#### Available records ####

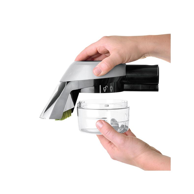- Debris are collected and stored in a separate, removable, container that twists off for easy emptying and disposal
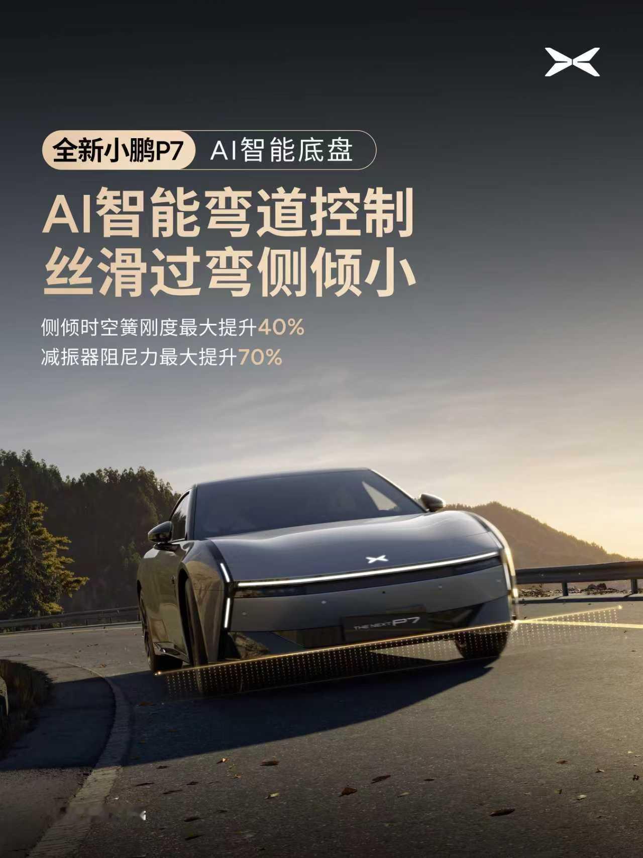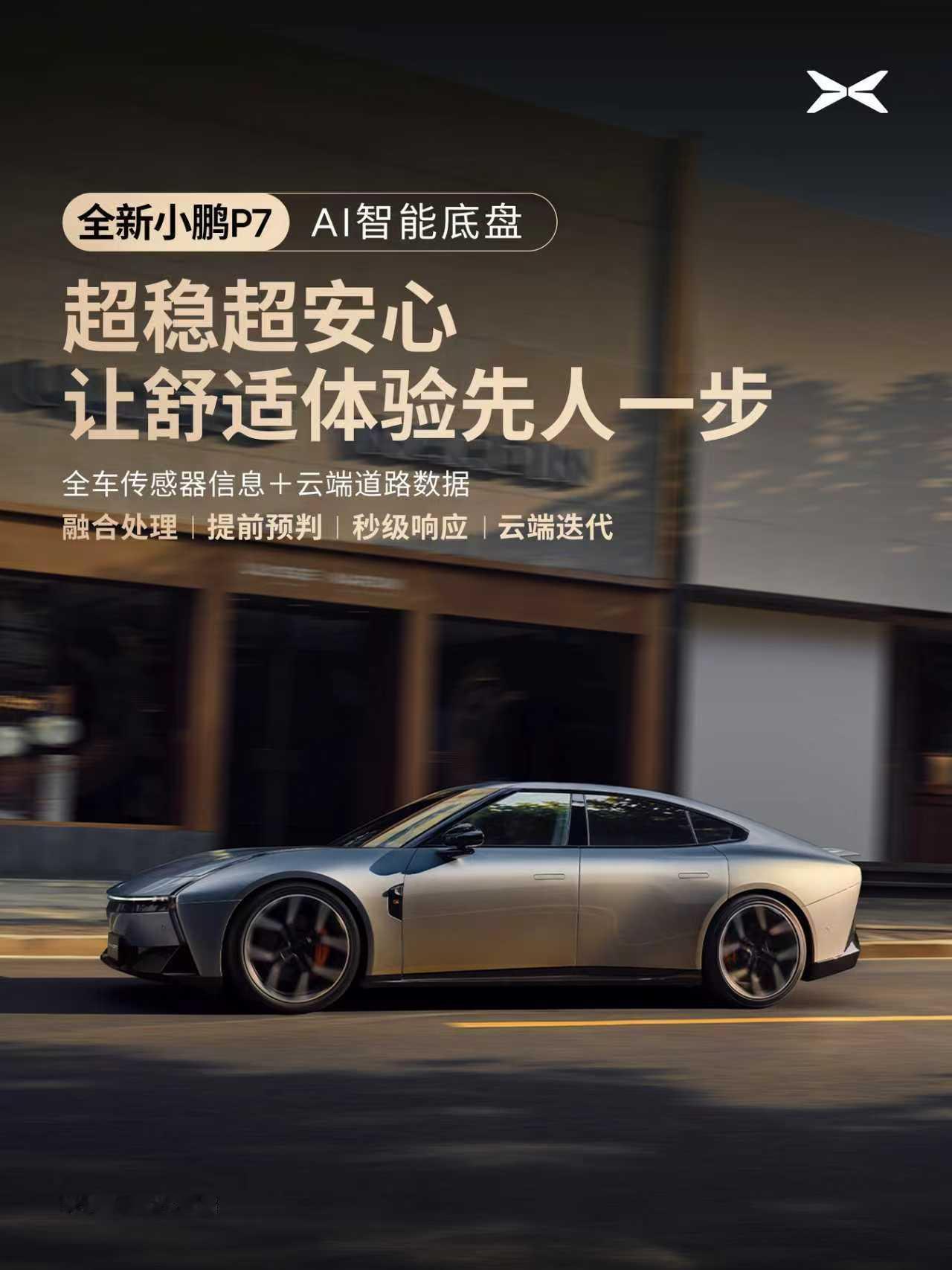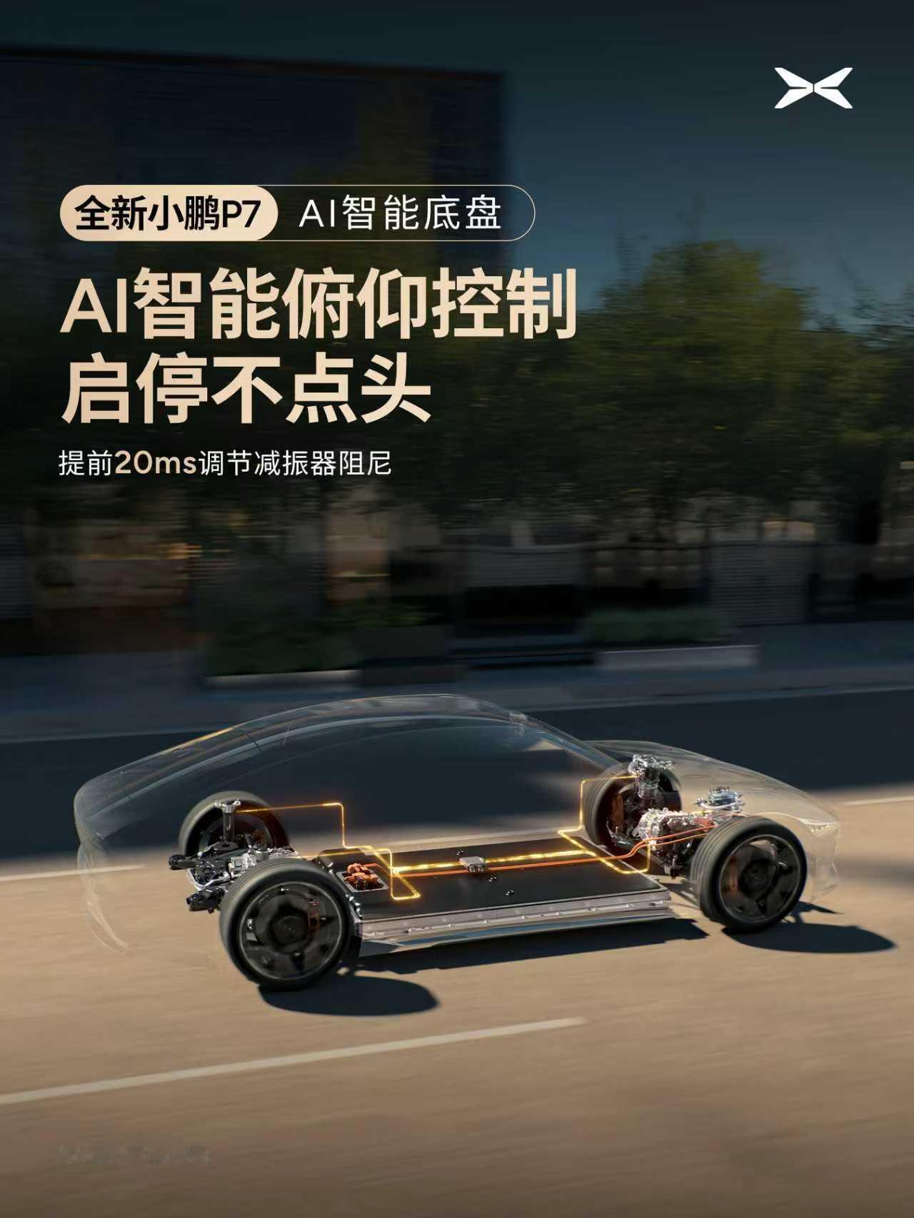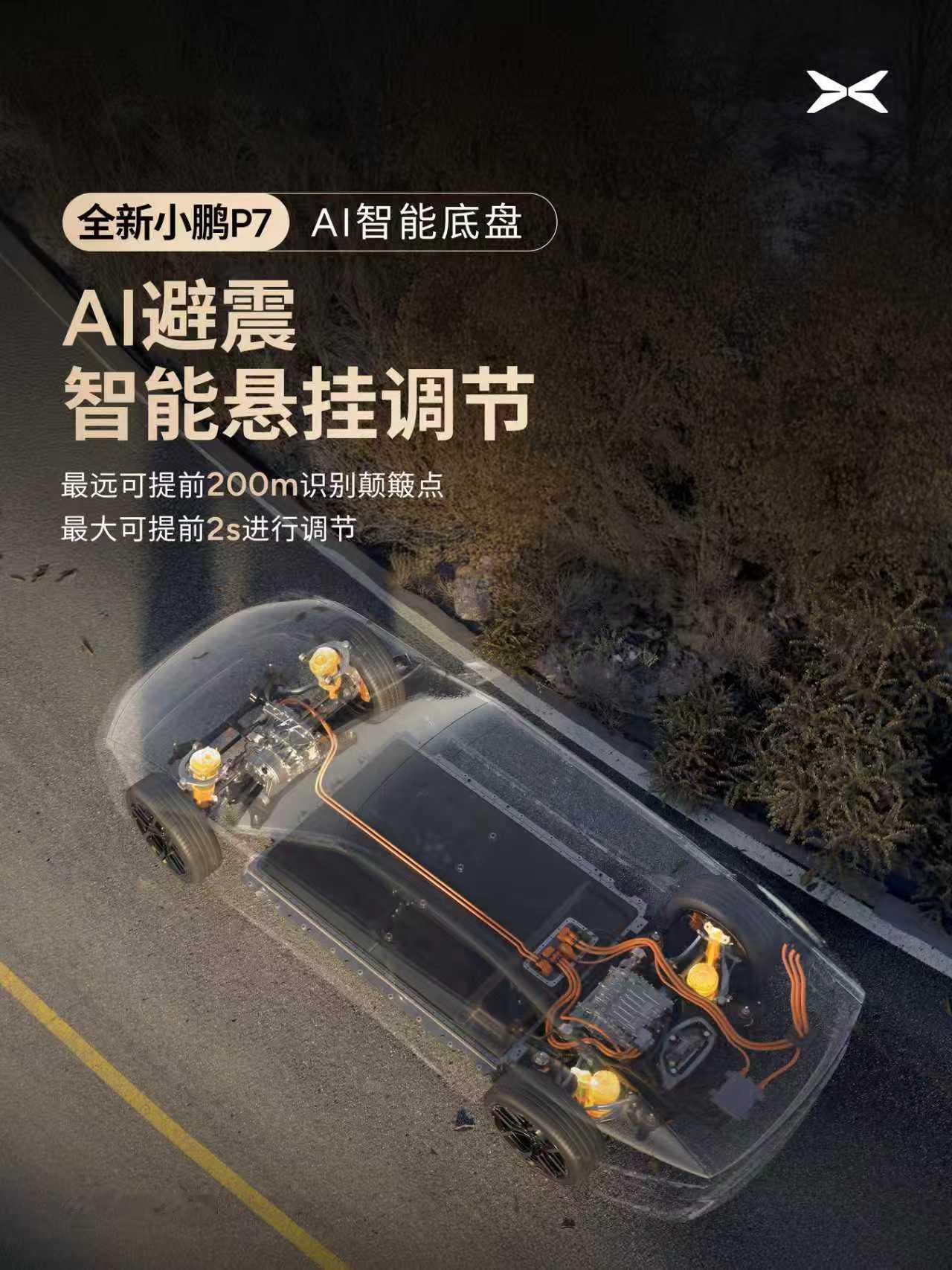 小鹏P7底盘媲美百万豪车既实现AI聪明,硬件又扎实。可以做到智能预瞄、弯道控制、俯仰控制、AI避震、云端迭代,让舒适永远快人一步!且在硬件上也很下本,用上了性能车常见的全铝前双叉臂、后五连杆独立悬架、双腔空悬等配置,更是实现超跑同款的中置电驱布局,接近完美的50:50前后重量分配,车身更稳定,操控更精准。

####
#### Available records ####

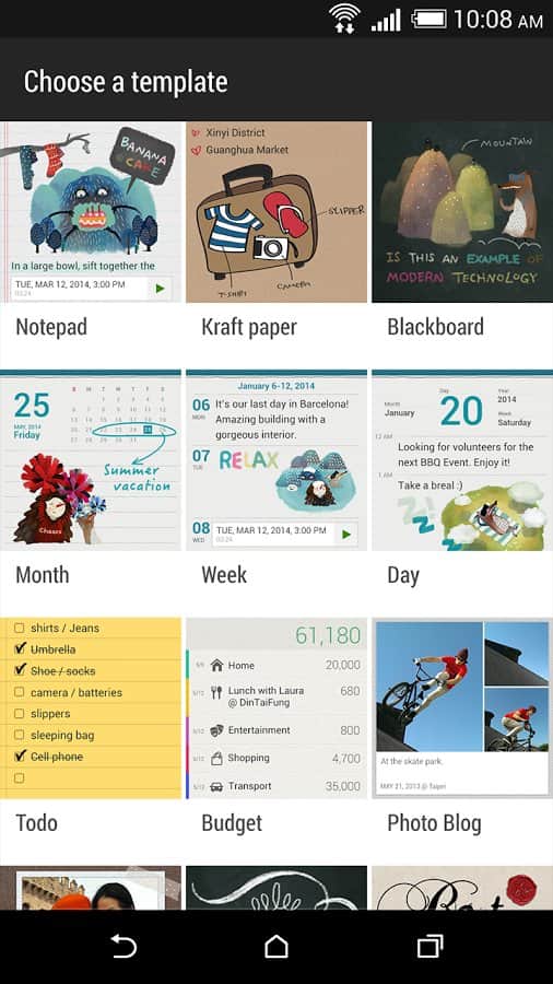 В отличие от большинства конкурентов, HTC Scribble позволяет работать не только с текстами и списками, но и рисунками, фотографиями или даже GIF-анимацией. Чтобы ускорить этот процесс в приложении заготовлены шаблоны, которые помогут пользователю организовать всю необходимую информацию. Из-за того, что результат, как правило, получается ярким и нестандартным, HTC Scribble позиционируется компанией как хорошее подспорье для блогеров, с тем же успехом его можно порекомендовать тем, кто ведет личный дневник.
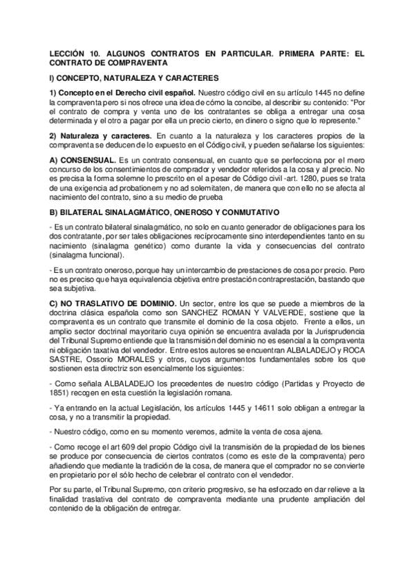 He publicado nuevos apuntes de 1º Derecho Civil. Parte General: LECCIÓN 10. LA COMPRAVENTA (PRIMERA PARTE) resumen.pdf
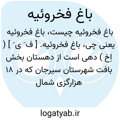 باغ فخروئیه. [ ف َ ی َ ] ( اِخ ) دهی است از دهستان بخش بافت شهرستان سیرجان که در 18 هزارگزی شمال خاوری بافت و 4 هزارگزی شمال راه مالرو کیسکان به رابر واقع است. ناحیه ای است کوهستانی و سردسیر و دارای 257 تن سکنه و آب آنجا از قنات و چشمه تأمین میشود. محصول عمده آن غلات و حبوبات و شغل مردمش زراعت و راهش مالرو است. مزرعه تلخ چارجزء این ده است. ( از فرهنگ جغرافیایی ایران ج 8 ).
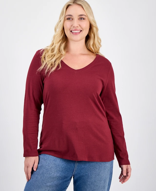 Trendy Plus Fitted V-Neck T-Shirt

####
#### Available records ####

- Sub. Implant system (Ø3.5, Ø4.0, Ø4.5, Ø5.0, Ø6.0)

####

▶ What you are asked to do
Reproduce the listing above from the line that holds "- Debris are" through the line that holds "小鹏P7底盘媲美百万豪车既实", both included, with the pictures left out.

▶ Answer area
- Debris are collected and stored in a separate, removable, container that twists off for easy emptying and disposal
 小鹏P7底盘媲美百万豪车既实现AI聪明,硬件又扎实。可以做到智能预瞄、弯道控制、俯仰控制、AI避震、云端迭代,让舒适永远快人一步!且在硬件上也很下本,用上了性能车常见的全铝前双叉臂、后五连杆独立悬架、双腔空悬等配置,更是实现超跑同款的中置电驱布局,接近完美的50:50前后重量分配,车身更稳定,操控更精准。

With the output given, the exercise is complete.